But the BNF acknowledges that this guidance comes with caveats: “There are likely to be population health benefits of increasing fish intakes, but this needs to be balanced with sustainability concerns.” The question, according to Kerry Lyne of the Marine Conservation Society, is not ‘fish or meat’ but understanding where the fish is from, how it is caught or farmed and the species.
Some seafood can have a lower environmental impact than meat, but that comparison tends to focus on climate. Bottom trawling can remove up to a quarter of seabed life in a single pass and releases an estimated 370 million tonnes of carbon dioxide each year. Farmed salmon can generate higher emissions than chicken and relies on feed made from wild fish. In the UK, just five species – salmon, cod, haddock, tuna and prawns – account for roughly 80 per cent of seafood consumption.

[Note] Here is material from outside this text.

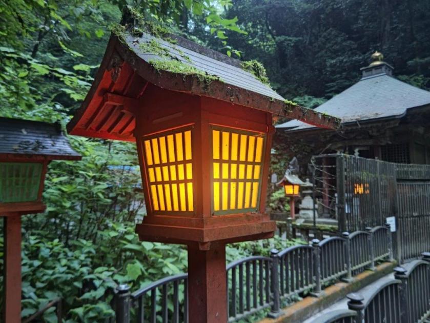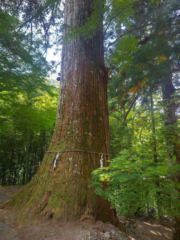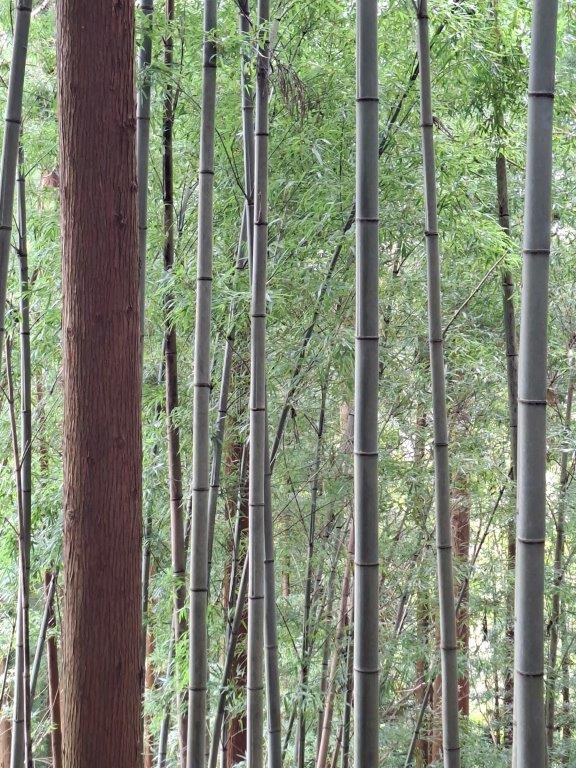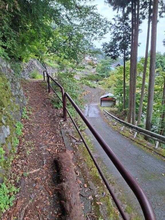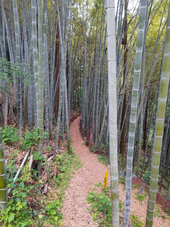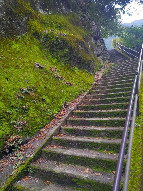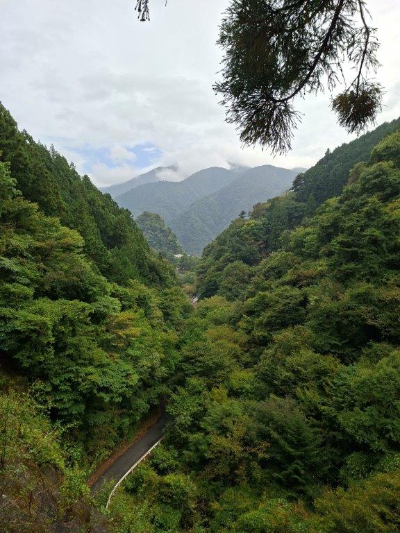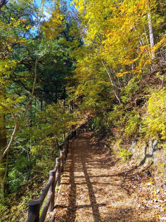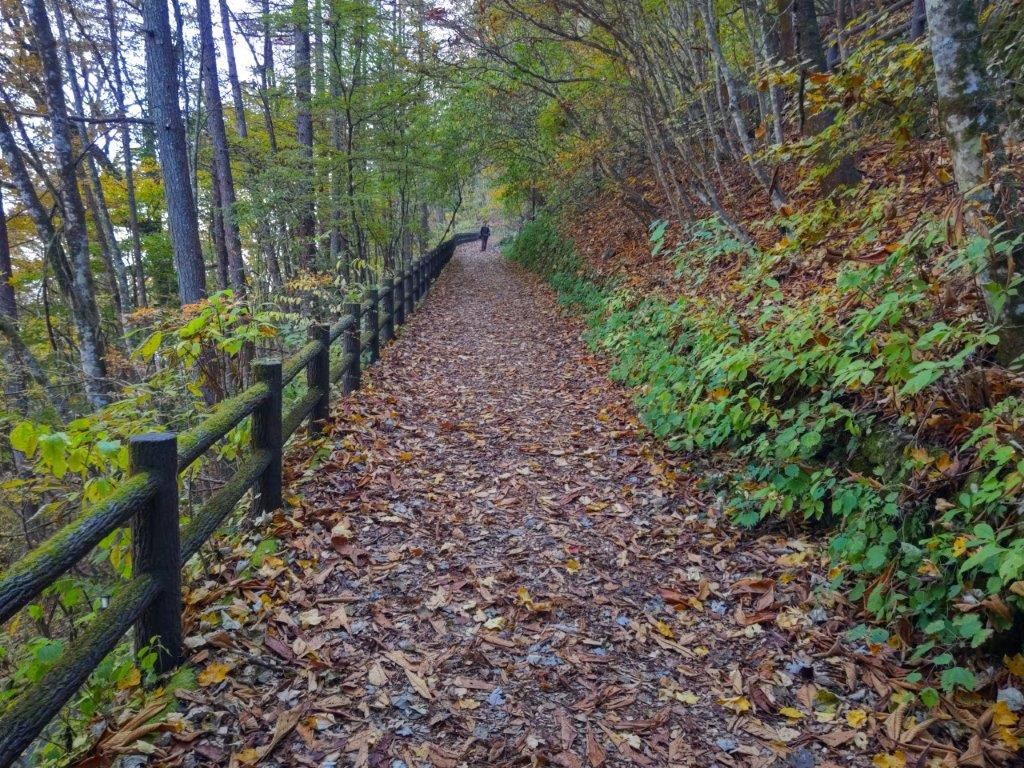 I was stunned by the view of the golden larches covering the foothills, enhanced by the late afternoon sun rays, although Fuji was still stubbornly in the clouds. I made my way to the first terrace, just a few meters away; it was deserted of people, tall pines slightly in the way of the perfect view. It was nearly 3pm, a couple of hours before dark, so I gave up on seeing Japan’s highest mountain and headed down via a paved road, moving to the side once to let the bus pass. Fifteen minutes later, I turned left onto the trail from Suzuran Pass; after descending through dark cedars, I reached a small road the second parking for hikers.

Even protected areas are showing signs of strain. Nearly 40 per cent of England’s seas are designated as protected marine areas, yet between 2020 and 2024, more than 1.3 million tonnes of fish were still caught within them. In the case of North East Atlantic mackerel, scientists recommended a 70 per cent reduction in catches; governments agreed to cut just 48 per cent. Earlier this year, Waitrose became the first UK retailer to suspend sales of mackerel, long considered one of the more sustainable options.